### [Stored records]
>>>>

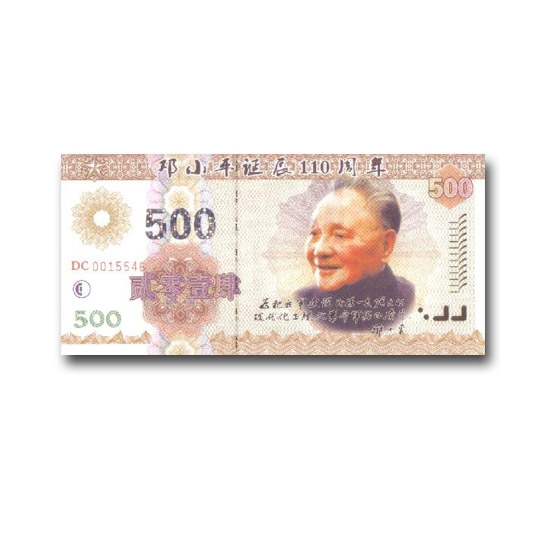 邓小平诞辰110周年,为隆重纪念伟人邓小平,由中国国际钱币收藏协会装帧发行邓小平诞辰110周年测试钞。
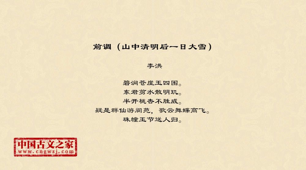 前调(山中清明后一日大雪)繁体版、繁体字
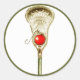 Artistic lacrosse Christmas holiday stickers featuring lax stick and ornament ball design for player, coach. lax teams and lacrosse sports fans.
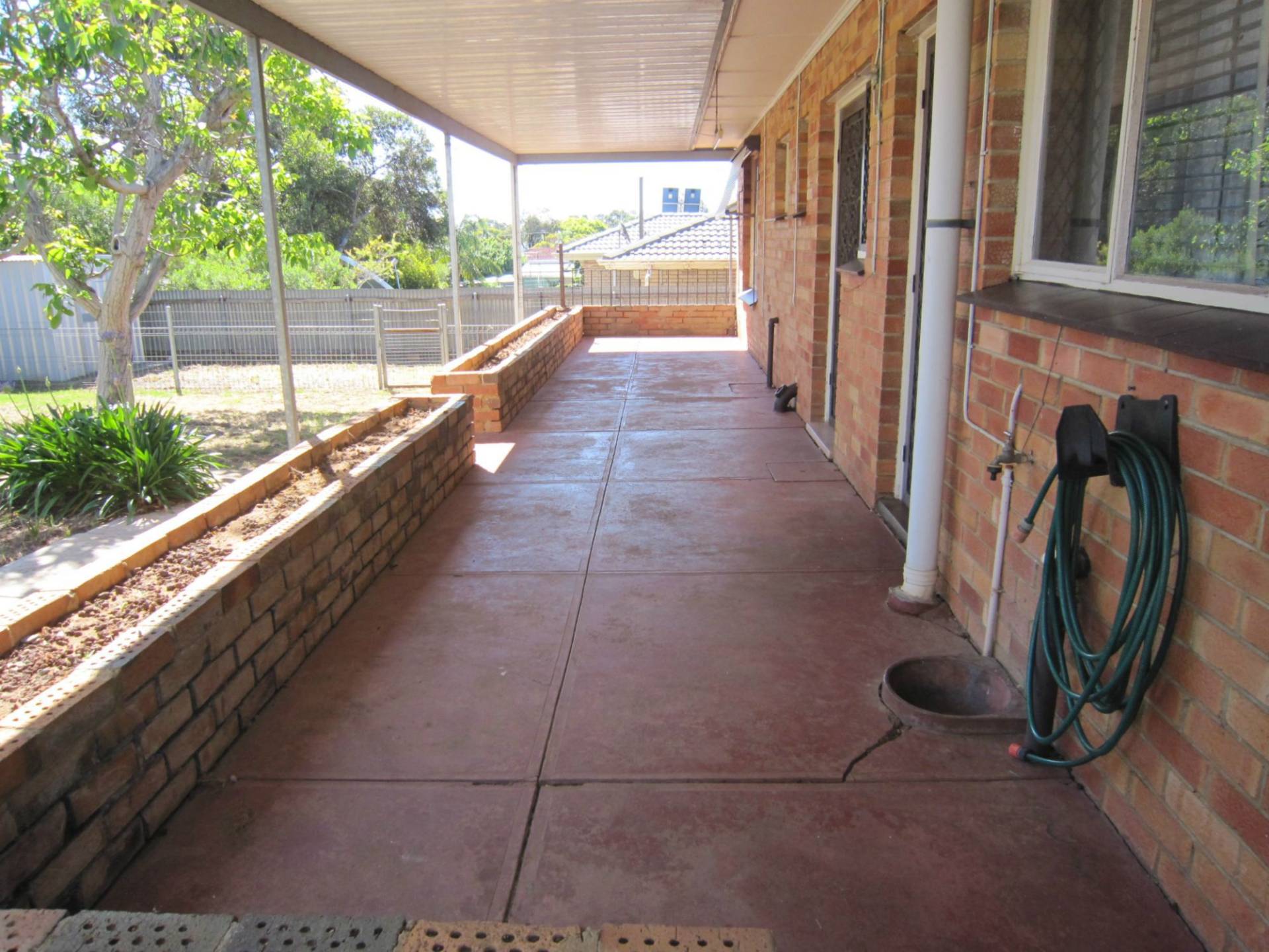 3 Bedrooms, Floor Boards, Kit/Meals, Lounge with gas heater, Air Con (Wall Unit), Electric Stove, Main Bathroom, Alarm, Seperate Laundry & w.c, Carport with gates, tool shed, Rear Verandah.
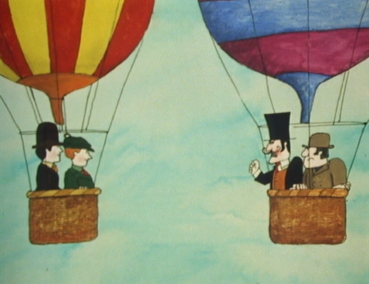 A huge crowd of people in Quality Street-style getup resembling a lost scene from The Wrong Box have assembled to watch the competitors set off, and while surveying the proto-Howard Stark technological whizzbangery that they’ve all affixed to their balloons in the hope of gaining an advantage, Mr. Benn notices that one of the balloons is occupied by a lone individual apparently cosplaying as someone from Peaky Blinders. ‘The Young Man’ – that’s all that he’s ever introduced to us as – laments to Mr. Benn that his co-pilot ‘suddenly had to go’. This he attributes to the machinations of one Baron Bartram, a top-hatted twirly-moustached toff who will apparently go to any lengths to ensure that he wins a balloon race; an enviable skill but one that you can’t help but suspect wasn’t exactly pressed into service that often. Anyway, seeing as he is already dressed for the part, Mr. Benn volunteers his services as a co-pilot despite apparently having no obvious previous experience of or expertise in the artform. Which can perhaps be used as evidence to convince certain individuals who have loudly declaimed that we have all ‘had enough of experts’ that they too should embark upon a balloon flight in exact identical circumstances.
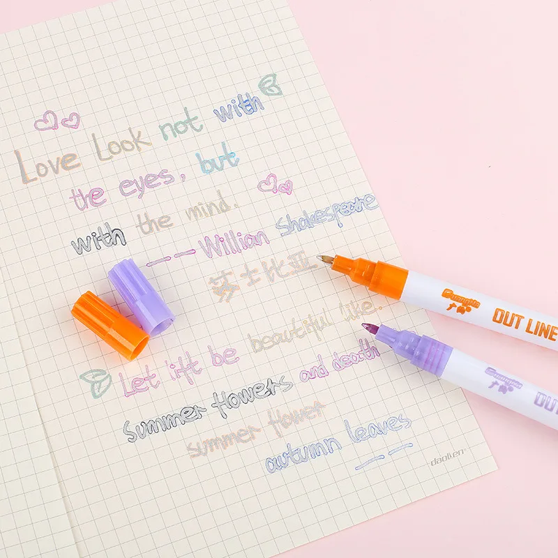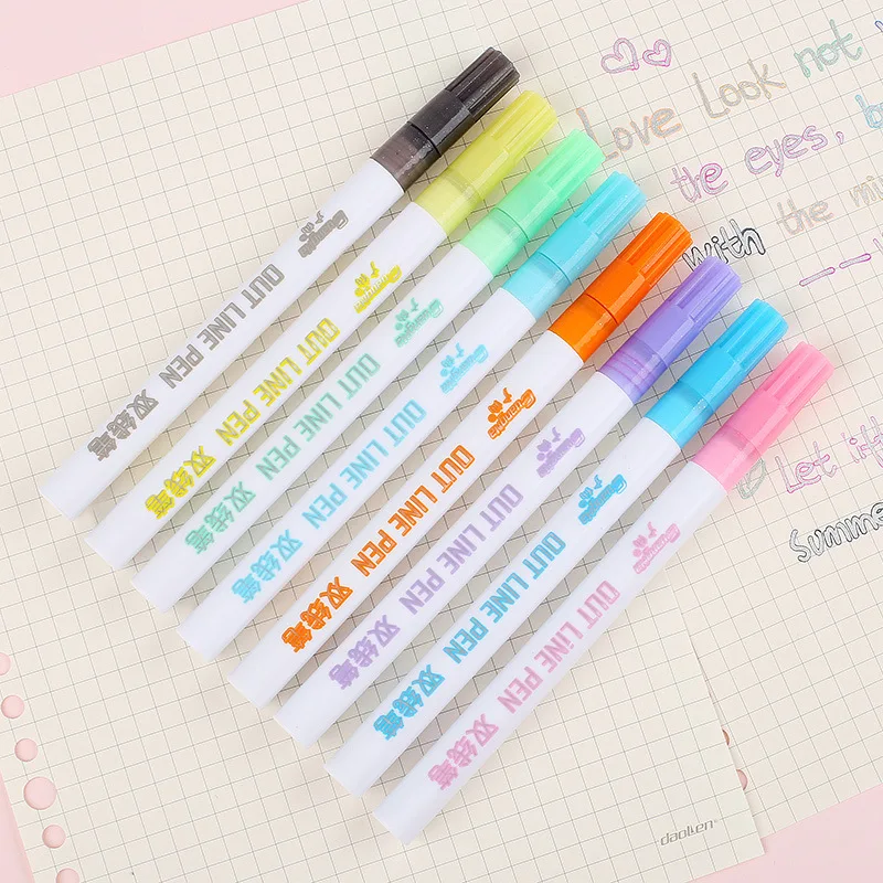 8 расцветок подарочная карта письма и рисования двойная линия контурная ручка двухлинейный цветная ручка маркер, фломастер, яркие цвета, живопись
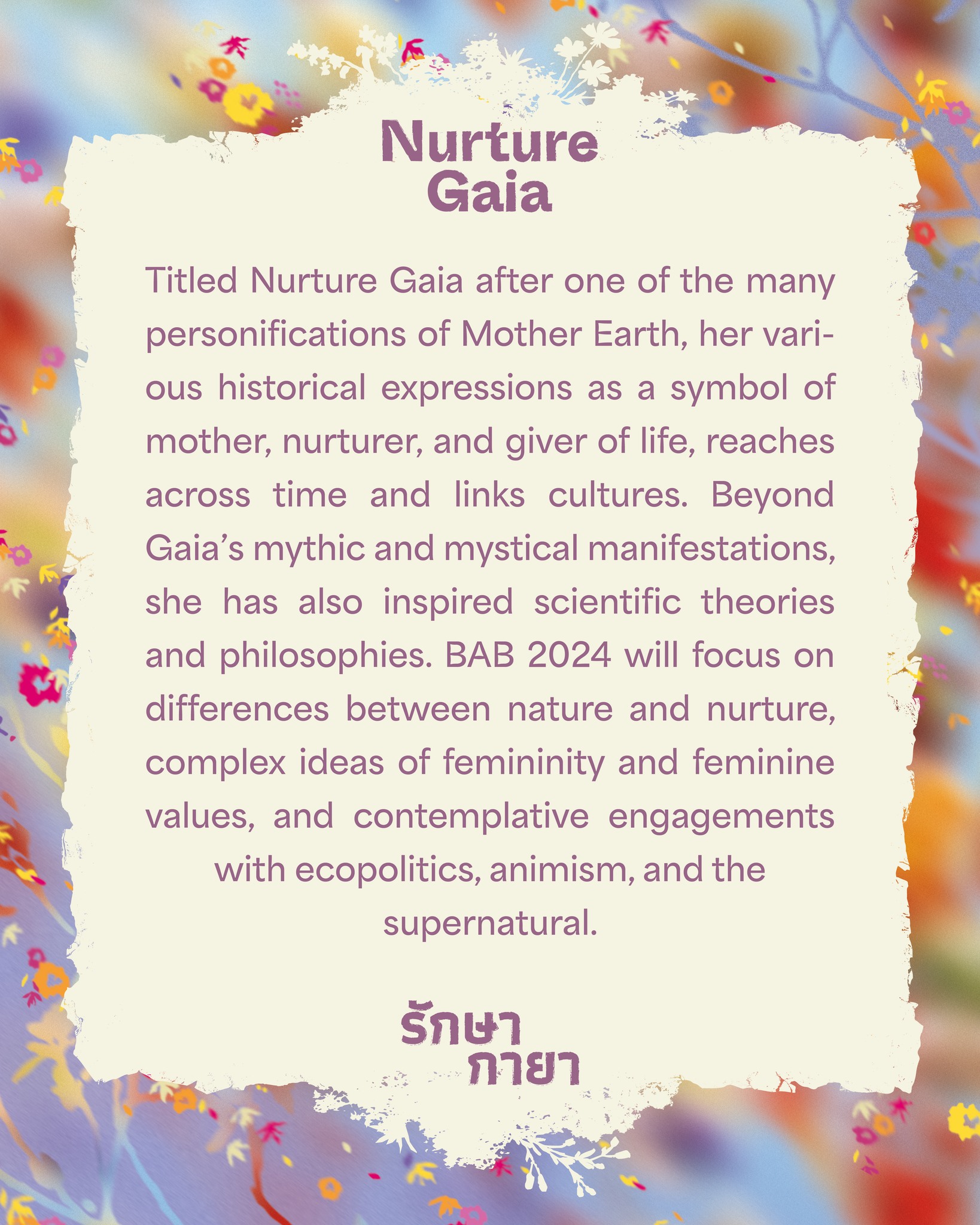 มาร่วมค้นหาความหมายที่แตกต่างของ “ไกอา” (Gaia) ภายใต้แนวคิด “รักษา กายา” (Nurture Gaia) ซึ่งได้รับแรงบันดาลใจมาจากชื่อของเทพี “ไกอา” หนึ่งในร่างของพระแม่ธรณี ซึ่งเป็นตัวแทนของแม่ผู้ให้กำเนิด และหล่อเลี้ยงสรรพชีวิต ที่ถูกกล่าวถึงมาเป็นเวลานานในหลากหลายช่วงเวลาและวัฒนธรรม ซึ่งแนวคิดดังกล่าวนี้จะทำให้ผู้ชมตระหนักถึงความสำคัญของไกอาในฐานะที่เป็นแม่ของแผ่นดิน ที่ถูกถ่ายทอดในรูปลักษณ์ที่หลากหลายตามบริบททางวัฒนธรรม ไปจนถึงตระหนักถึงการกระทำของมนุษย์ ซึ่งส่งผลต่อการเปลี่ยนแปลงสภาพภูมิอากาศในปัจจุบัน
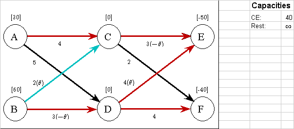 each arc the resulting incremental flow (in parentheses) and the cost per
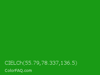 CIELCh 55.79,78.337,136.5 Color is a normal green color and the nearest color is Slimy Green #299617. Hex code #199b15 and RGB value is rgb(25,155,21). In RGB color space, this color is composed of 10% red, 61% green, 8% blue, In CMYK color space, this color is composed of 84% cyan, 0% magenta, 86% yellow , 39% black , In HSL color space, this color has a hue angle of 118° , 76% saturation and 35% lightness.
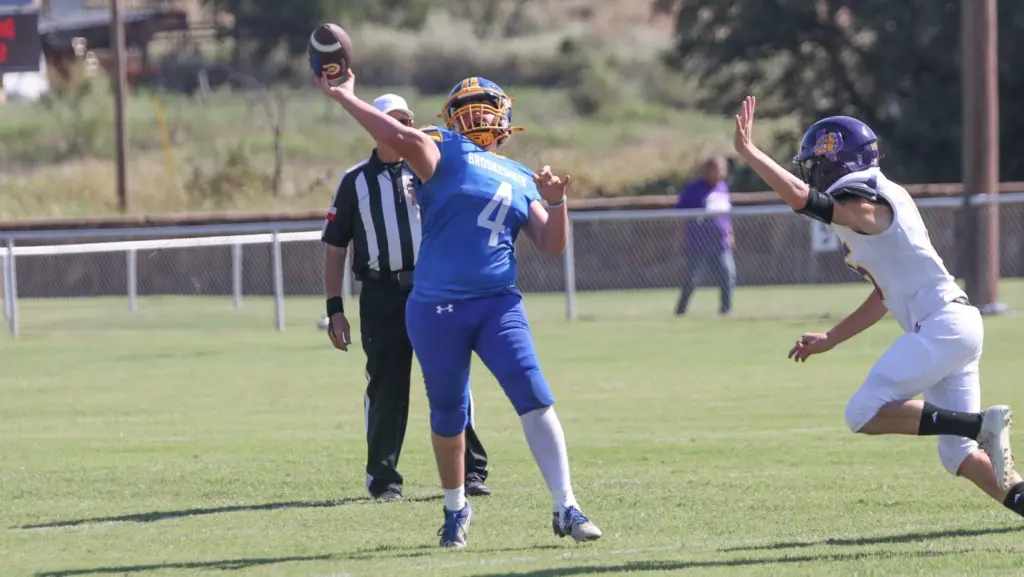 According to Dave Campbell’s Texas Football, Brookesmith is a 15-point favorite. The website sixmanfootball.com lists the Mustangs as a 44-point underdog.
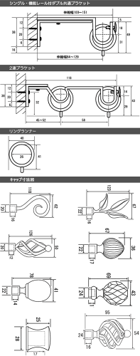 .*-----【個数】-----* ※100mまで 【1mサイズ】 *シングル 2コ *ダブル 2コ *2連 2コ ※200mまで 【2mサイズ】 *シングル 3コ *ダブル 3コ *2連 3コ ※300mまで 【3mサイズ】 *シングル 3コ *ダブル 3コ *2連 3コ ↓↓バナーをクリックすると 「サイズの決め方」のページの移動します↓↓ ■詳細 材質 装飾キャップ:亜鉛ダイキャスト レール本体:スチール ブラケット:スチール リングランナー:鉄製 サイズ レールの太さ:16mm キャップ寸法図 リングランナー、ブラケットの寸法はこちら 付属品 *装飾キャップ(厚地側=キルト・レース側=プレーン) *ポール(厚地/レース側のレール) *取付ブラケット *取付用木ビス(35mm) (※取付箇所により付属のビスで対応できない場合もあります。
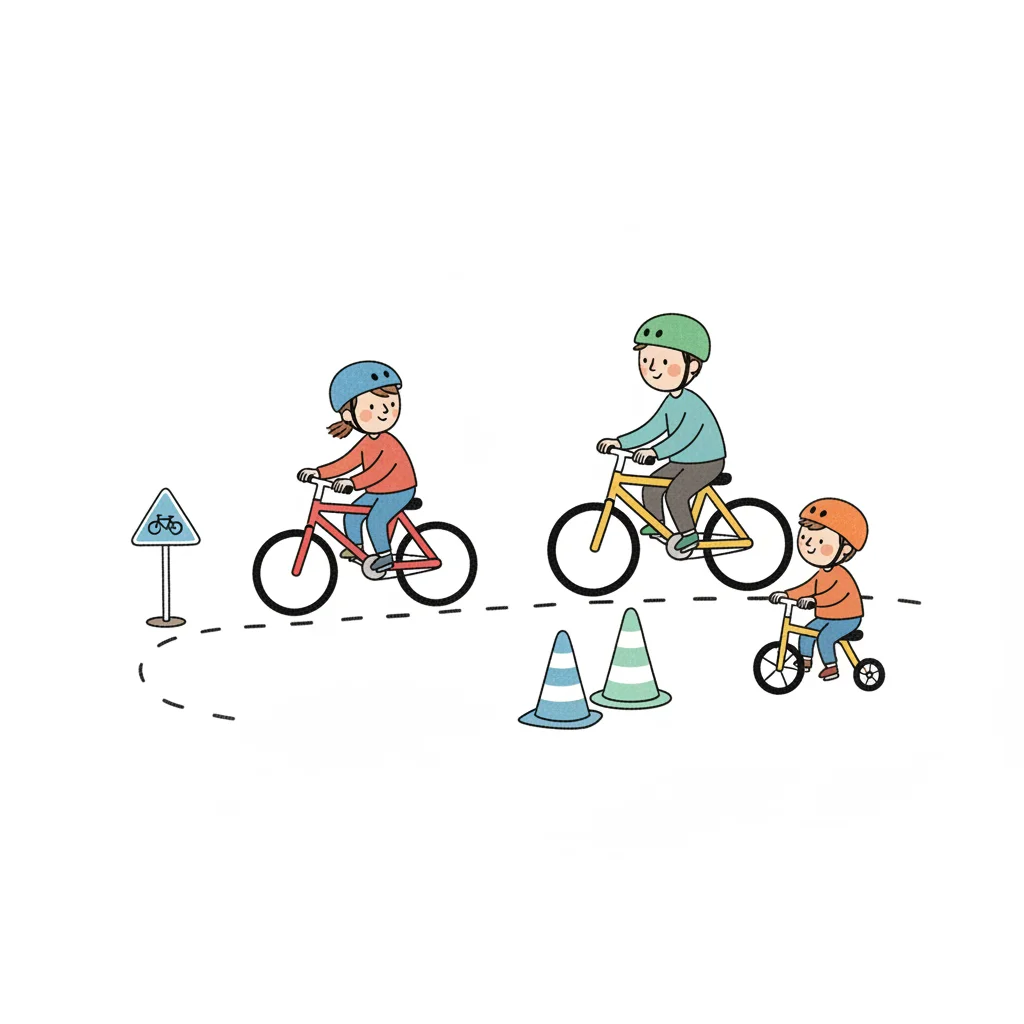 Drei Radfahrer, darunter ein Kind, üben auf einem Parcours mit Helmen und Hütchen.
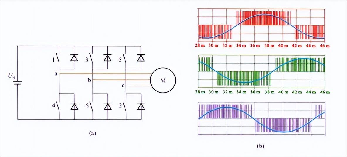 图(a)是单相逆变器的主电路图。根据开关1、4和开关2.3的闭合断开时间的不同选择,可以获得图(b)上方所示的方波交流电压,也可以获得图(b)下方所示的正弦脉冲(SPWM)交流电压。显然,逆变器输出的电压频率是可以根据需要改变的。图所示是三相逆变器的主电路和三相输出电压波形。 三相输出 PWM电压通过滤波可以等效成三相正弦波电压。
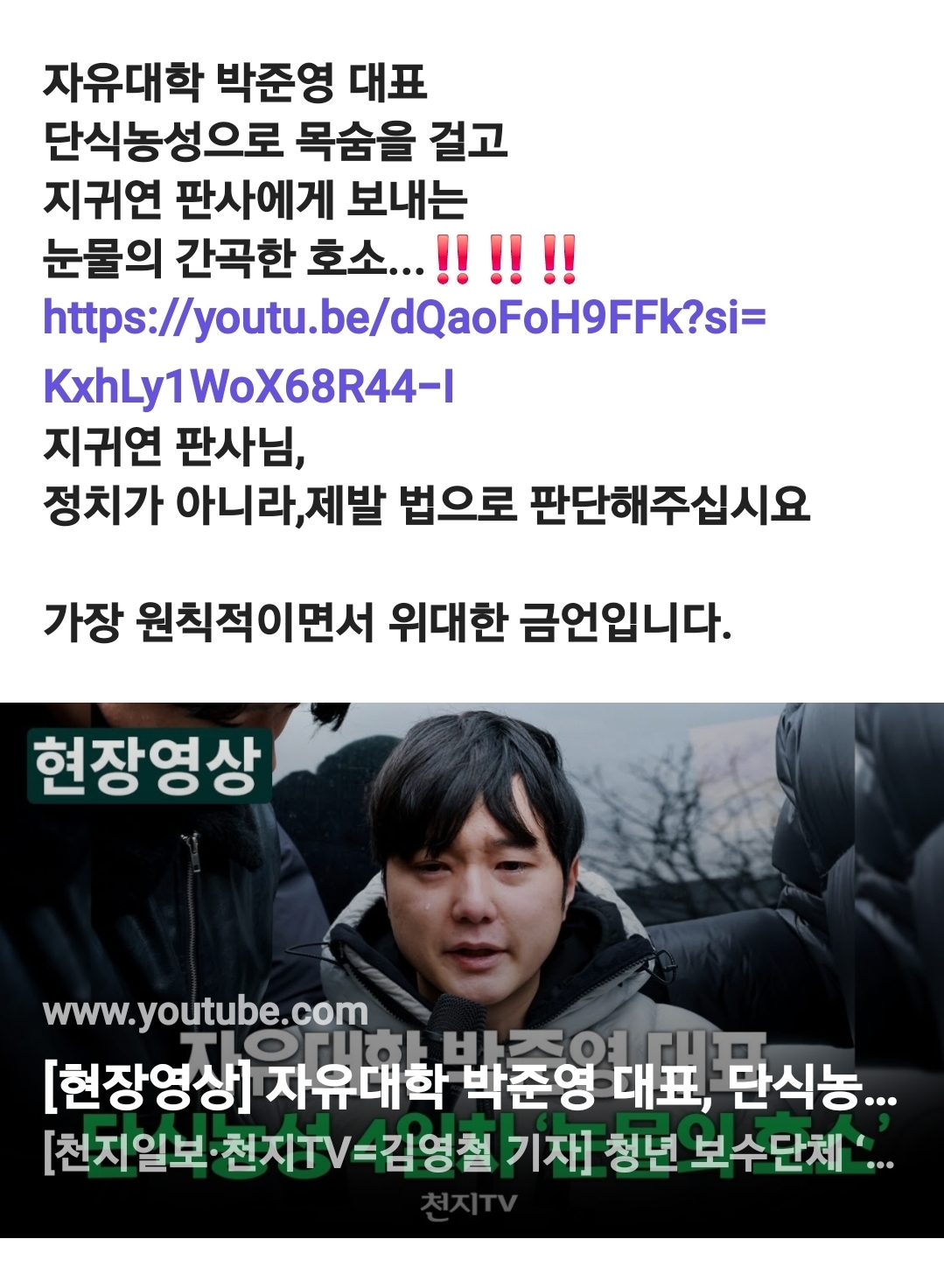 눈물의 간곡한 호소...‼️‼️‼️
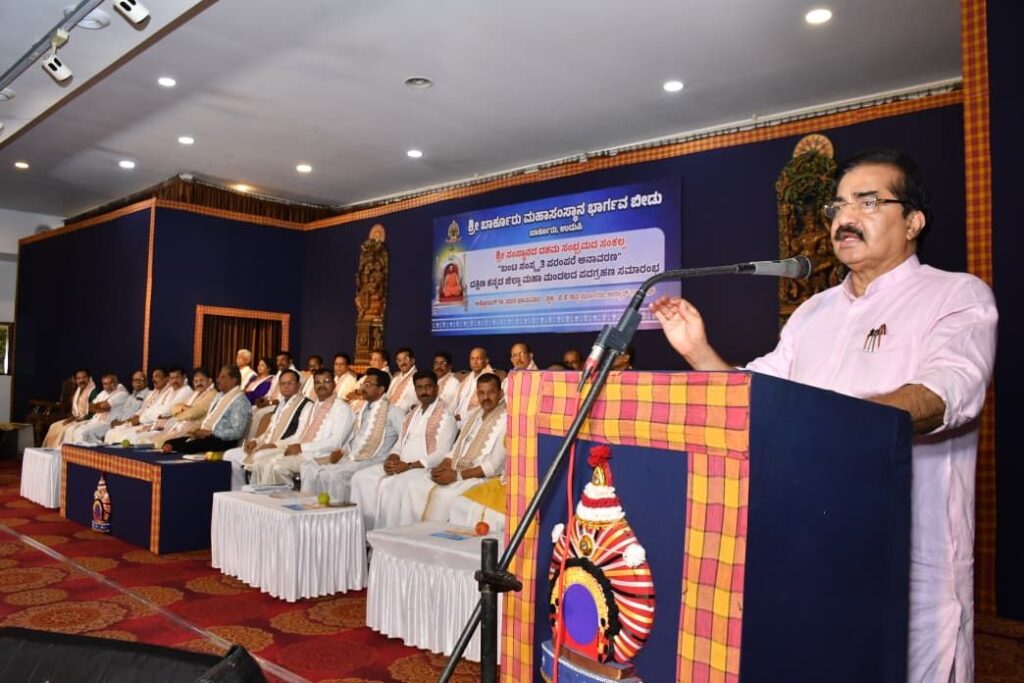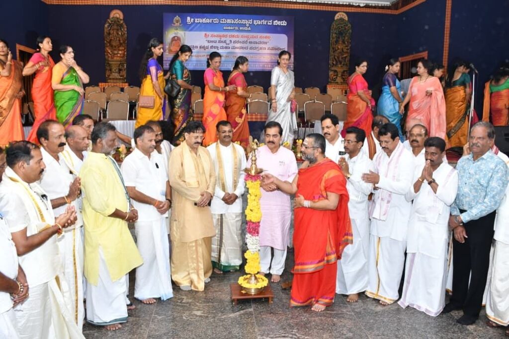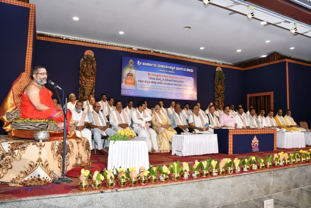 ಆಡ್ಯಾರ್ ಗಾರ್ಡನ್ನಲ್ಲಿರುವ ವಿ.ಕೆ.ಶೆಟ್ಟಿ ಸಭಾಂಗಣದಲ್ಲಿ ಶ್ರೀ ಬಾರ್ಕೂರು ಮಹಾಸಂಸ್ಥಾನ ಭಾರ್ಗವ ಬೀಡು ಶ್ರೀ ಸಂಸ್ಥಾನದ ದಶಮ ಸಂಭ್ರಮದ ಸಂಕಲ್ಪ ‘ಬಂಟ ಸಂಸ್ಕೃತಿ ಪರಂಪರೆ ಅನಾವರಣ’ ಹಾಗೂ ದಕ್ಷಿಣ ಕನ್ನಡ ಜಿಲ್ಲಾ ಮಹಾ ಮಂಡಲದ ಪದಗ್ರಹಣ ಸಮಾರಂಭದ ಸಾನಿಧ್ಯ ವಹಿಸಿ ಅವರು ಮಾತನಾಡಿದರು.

<<<<

### [PROBLEM TO SOLVE]
Write back word for word every line in the entries above from the one with "each arc the" to the one with "CIELCh 55.79,78.337,136.5 Color", ends included, and none of the pictures.

### [THE COMPLETED TASK]
 each arc the resulting incremental flow (in parentheses) and the cost per
 CIELCh 55.79,78.337,136.5 Color is a normal green color and the nearest color is Slimy Green #299617. Hex code #199b15 and RGB value is rgb(25,155,21). In RGB color space, this color is composed of 10% red, 61% green, 8% blue, In CMYK color space, this color is composed of 84% cyan, 0% magenta, 86% yellow , 39% black , In HSL color space, this color has a hue angle of 118° , 76% saturation and 35% lightness.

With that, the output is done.